I wrote a post last weekend about GBPUSD, and mentioned at the end of that post, which you can see here, that while USD had not reached my ideal channel retracement target, it might nonetheless be starting to reverse back up to complete the giant IHS forming on it. Since then the declining resistance trendline I highlighted has broken up and retested, and USD is showing what looks likely to be either a double-bottom, if it breaks up here, or the left shoulder and head of a small IHS, if it reverses here. Here's the current setup, and I haven't marked in the possible small IHS forming due to space constraints on the chart:
So this is an interesting inflection point on USD, and looking at both EURUSD and GBPUSD we may have seen the rally high on both now. On the EURUSD 60min chart the current rising channel has broken down and EURUSD was testing the broken channel support trendline throughout Friday:
On the EURUSD bigger picture there's a sloping H&S on the daily chart that I have posted a few times over the last few months has had a retest that overshot somewhat, but the pattern is still perfectly valid and the target is in the 1.125 area:
I've mentioned a few times before that I like to use the GBPUSD chart as an inverse proxy for USD rather than EURUSD, and the reason for that is that GBPUSD has little in the way of commodities and very extensive QE, like the Eurozone, but currently has no sovereign debt solvency issues. The picture on GBPUSD is looking increasingly bearish with a decent technical double-top on strongly negative daily RSI divergence, and it is now testing the base/neckline of that double-top in the 1.565 area. On a break below I have a technical target in the 1.531 area, but the real target is trendline support and the large H&S neckline in the 1.534 area:
I was talking last week about QE in the Eurozone and in the UK and the likely consequence of the QE being a substantial rise for USD against both EURUSD and GBPUSD over the next year or so. The rally from January may now have finished, and that rise on USD may therefore have started. QE is in part about devaluation and just as USD fell hard during QE1 and QE2, the obvious consequence to EURUSD and GBPUSD now is that they fall hard just as USD did then.

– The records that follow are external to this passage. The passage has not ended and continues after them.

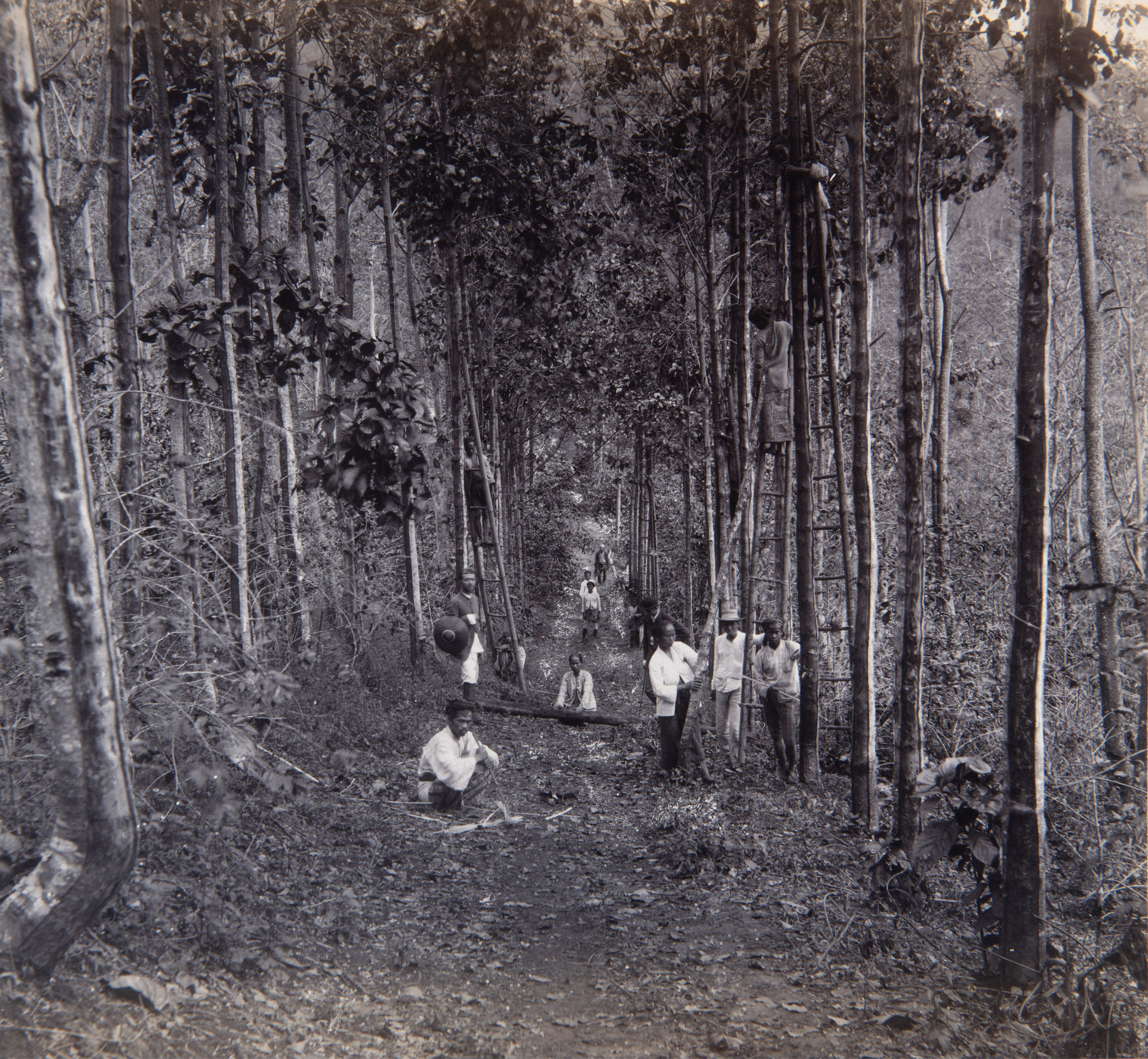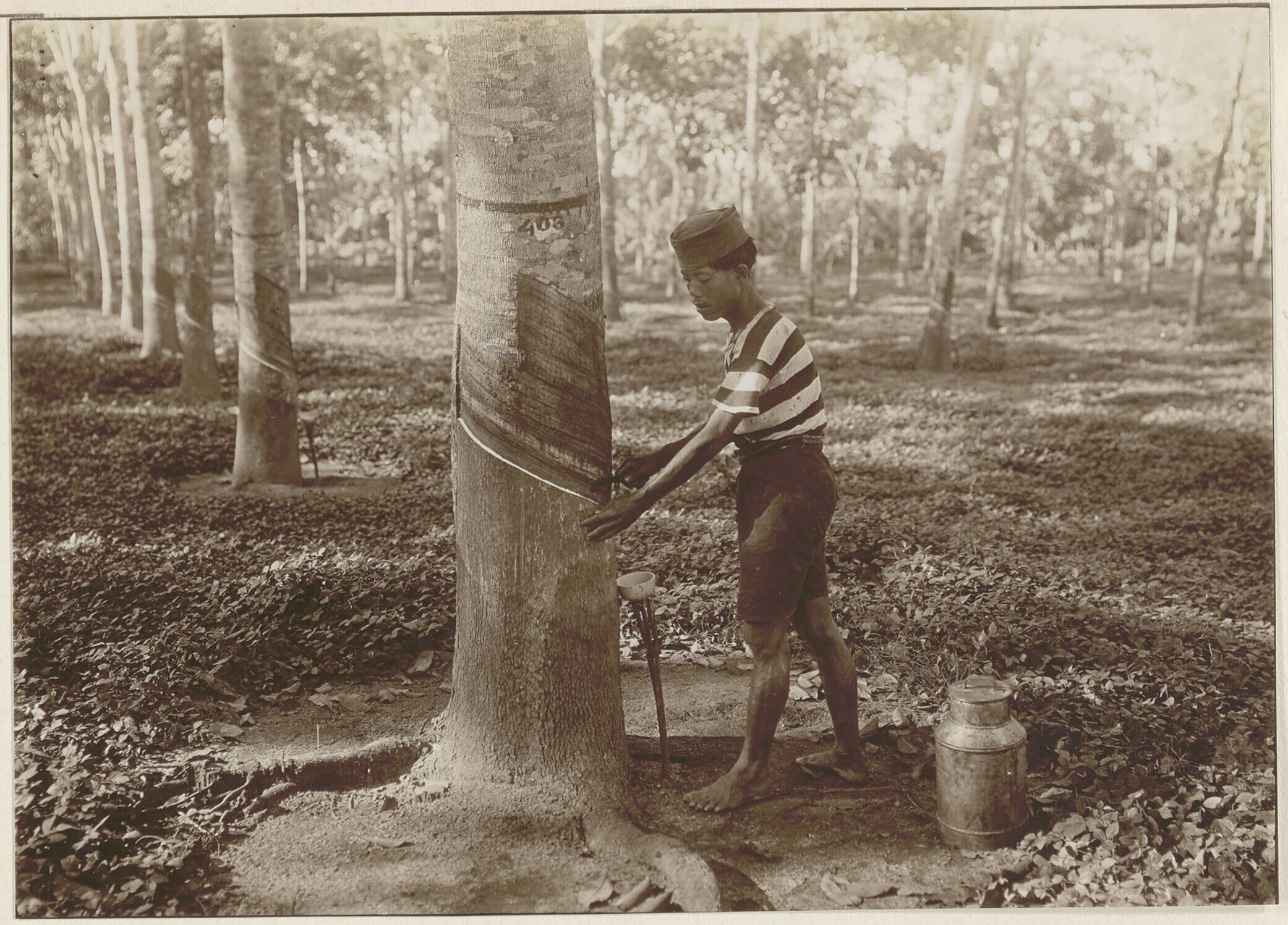 Rubbertap op een rubberonderneming op Oost-Sumatra
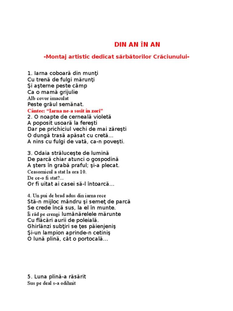 -Montaj artistic dedicat srbtorilor Crciunului1. Iarna coboar din muni Cu tren de fulgi mruni i aterne peste cmp Ca o mam grijulie Alb covor imaculat Peste grul semnat. Cntec: Iarna ne-a sosit n zori 2. O noapte de cerneal violet A poposit usoar la fereti Dar pe prichiciul vechi de mai zreti O dung tras apsat cu cret... A nins cu fulgi de vat, ca-n poveti. 3. Odaia strlucete de lumin De parc chiar atunci o gospodin A ters n grab praful; i-a plecat. Ceasornicul a stat la ora 10. De ce-o fi stat?... Or fi uitat ai casei s-l ntoarc 4. Un pui de brad adus din iarna rece St-n mijloc mndru i seme de parc Se crede nc sus, la el n munte. i rd pe crengi lumnrelele mrunte Cu flcri aurii de poleial. Ghirlnzi subiri se es pienjeni i-un lampion aprinde-n cetini O lun plin, ct o portocal
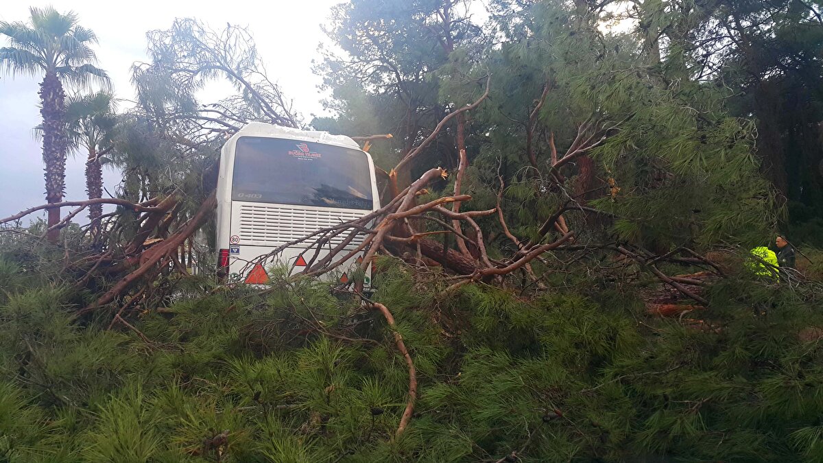Antalya'da otel servisinin üzerine ağaç devrildi: 7 yaralı

What impact will this have on equity markets? Well the experience in QE1 and QE2 isn't encouraging for bears here. As USD fell equity markets in the US rallied hard, and markets in the Eurozone and the UK rallied hard too. There's a good argument that massive QE anywhere in the western world has a positive effect on equity markets, but that equity markets in the US should be a better play while the US Dollar rises. The effect on commodity prices should be more marked, though oil might well hold up due to well founded concerns about war in the Middle East.

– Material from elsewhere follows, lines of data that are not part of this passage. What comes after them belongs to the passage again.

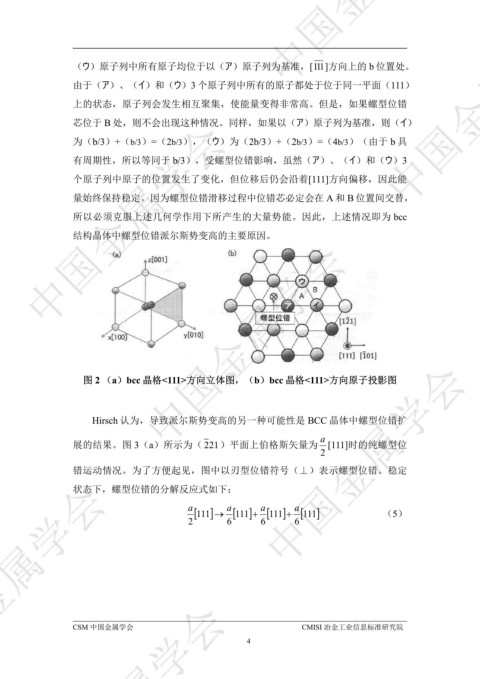 展的结果。图 3(a)所示为( 212 )平面上伯格斯矢量为 [111]时的纯螺型位
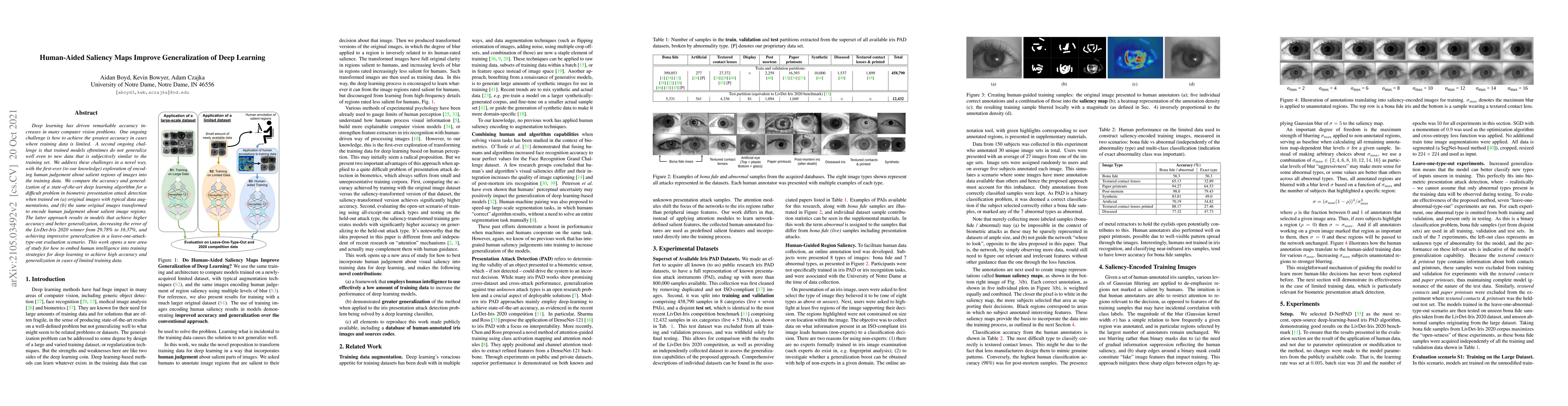 This research introduces a novel method using human-aided saliency maps to enhance deep learning model accuracy and generalization, particularly with limited training data. The approach significantly improves presentation attack detection in biometrics, reducing error rates and demonstrating strong generalization capabilities.
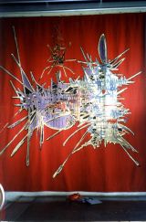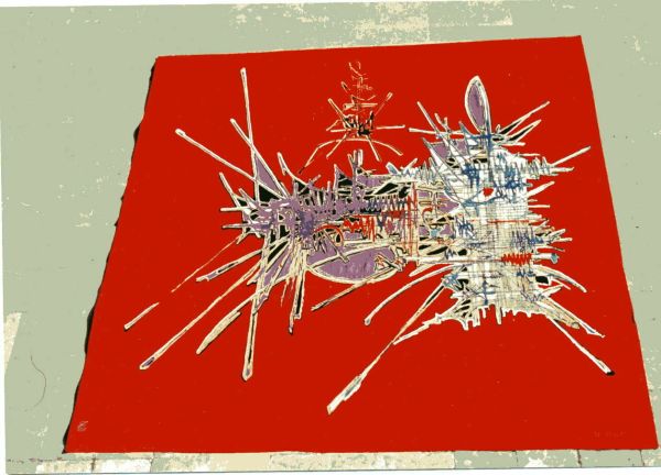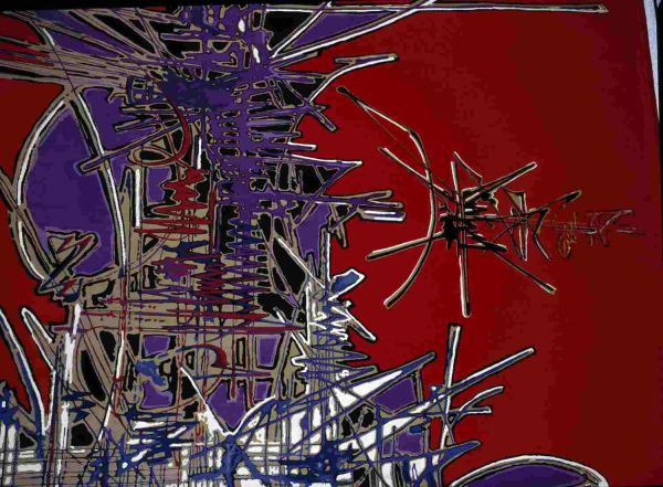 Sur un fond rouge foncé se détache un grand motif stylisé à fond jaune, vert et blanc dont des lignes rouges, bleues et mauves. A la partie supérieure un motif en hauteur noir et jaune.

On that last subject I read Netanyahu's speech to AIPAC a few days ago and it was difficult to argue with the logic of what he said in that speech. What I took away from reading it is that war between Israel and Iran is a lot more likely than most people are thinking, and that traders should bear that in mind. You can see the speech here and draw your own conclusions, but if that's right, then any moves down on oil may be short-lived as pre-war tensions rise.